Supplied material:
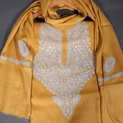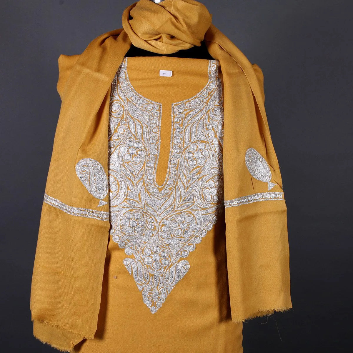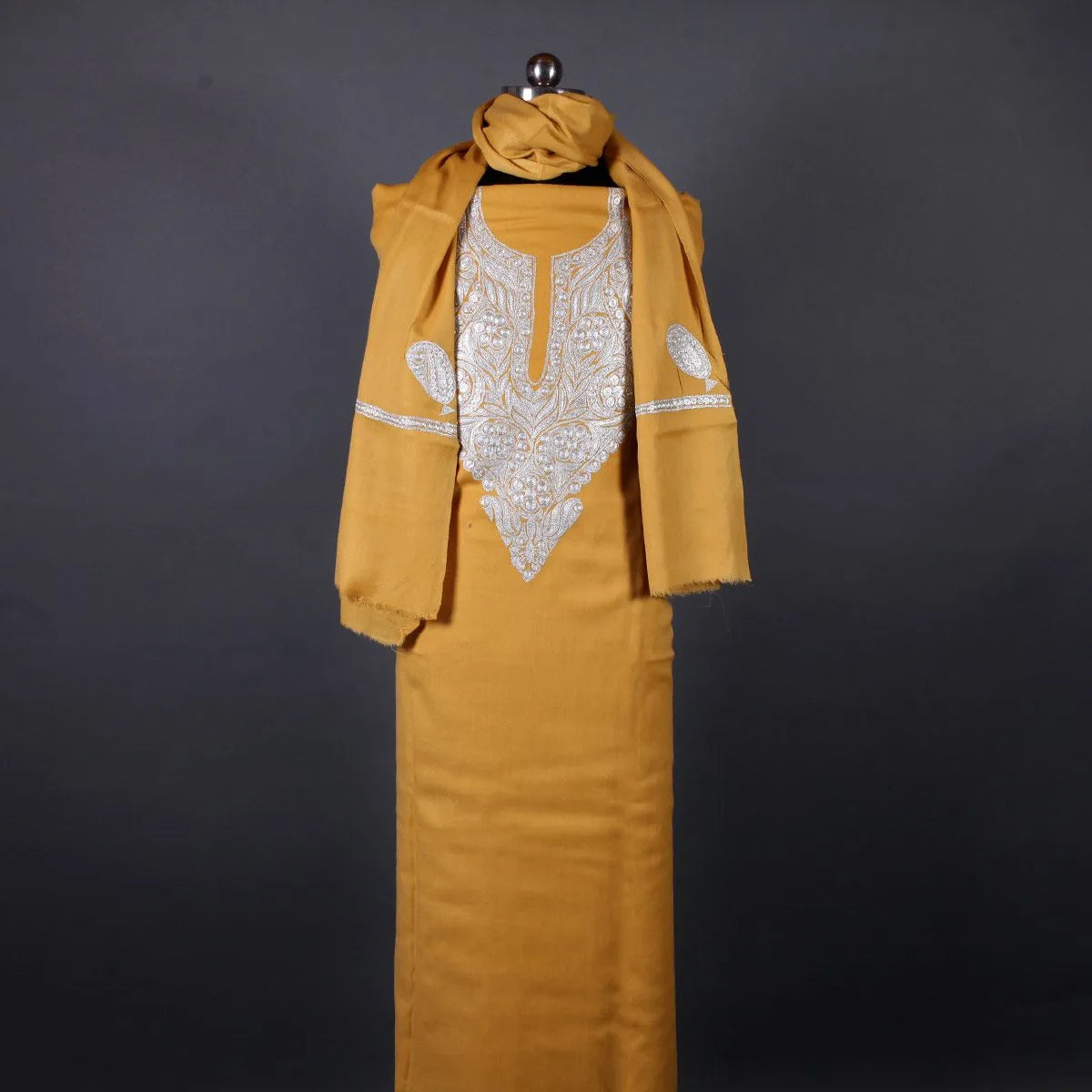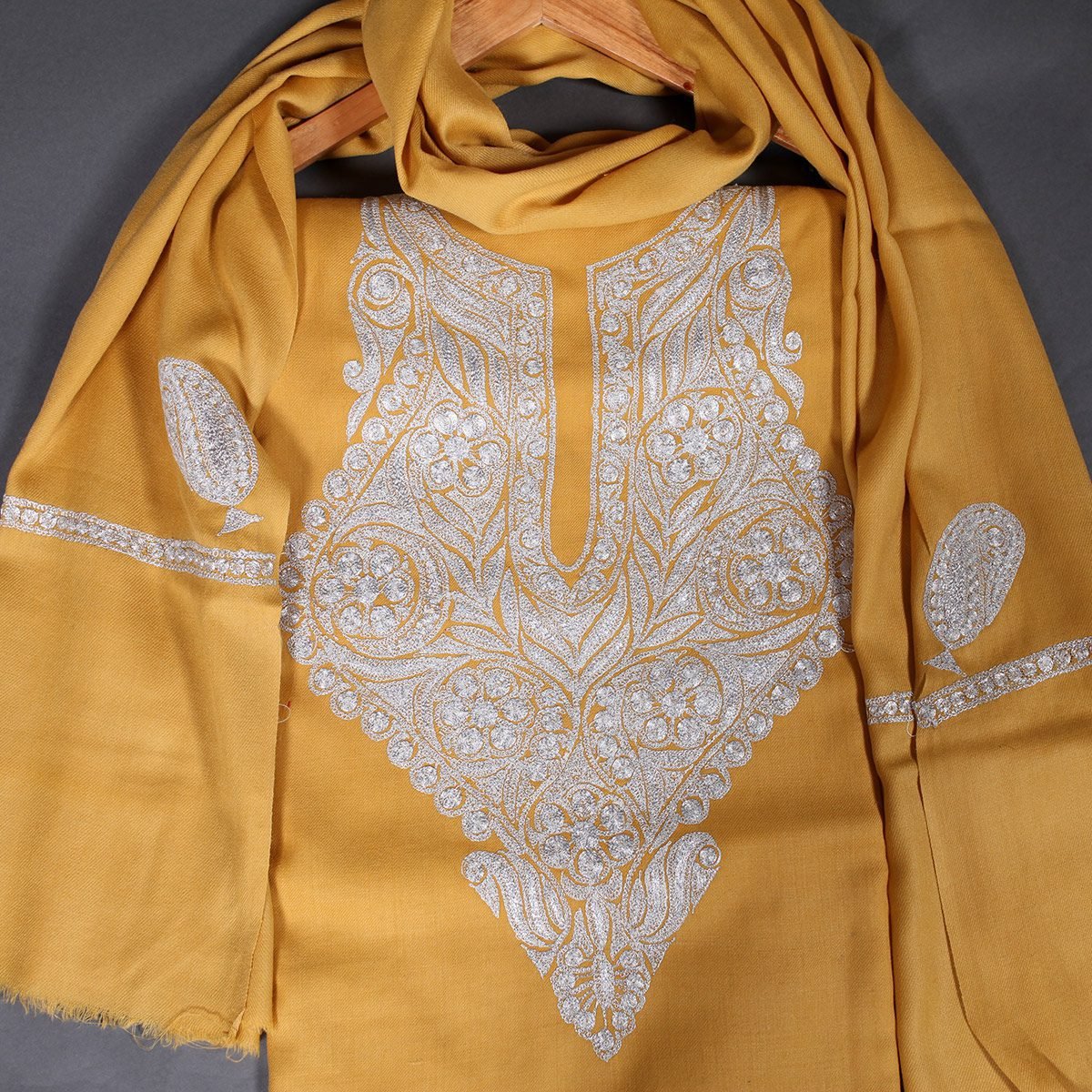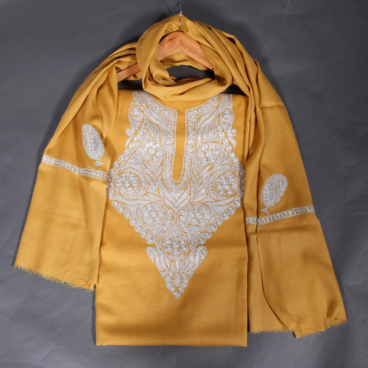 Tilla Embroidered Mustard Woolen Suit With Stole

* * *

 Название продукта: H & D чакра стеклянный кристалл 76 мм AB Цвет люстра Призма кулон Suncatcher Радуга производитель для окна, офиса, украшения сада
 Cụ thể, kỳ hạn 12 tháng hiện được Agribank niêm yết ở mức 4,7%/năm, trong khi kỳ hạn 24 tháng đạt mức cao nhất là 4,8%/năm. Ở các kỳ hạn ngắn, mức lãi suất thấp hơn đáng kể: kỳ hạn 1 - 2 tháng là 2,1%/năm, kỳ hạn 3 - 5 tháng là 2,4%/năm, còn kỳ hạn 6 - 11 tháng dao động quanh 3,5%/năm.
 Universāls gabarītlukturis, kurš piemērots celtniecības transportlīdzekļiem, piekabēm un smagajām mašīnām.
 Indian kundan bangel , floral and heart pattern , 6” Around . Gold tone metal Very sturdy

About this exercise:
As the answer, set down only the lines from the data above between the one holding "Cụ thể, kỳ hạn" and the one holding "Indian kundan bangel", inclusive, exactly as they read.

Expected answer:
 Cụ thể, kỳ hạn 12 tháng hiện được Agribank niêm yết ở mức 4,7%/năm, trong khi kỳ hạn 24 tháng đạt mức cao nhất là 4,8%/năm. Ở các kỳ hạn ngắn, mức lãi suất thấp hơn đáng kể: kỳ hạn 1 - 2 tháng là 2,1%/năm, kỳ hạn 3 - 5 tháng là 2,4%/năm, còn kỳ hạn 6 - 11 tháng dao động quanh 3,5%/năm.
 Universāls gabarītlukturis, kurš piemērots celtniecības transportlīdzekļiem, piekabēm un smagajām mašīnām.
 Indian kundan bangel , floral and heart pattern , 6” Around . Gold tone metal Very sturdy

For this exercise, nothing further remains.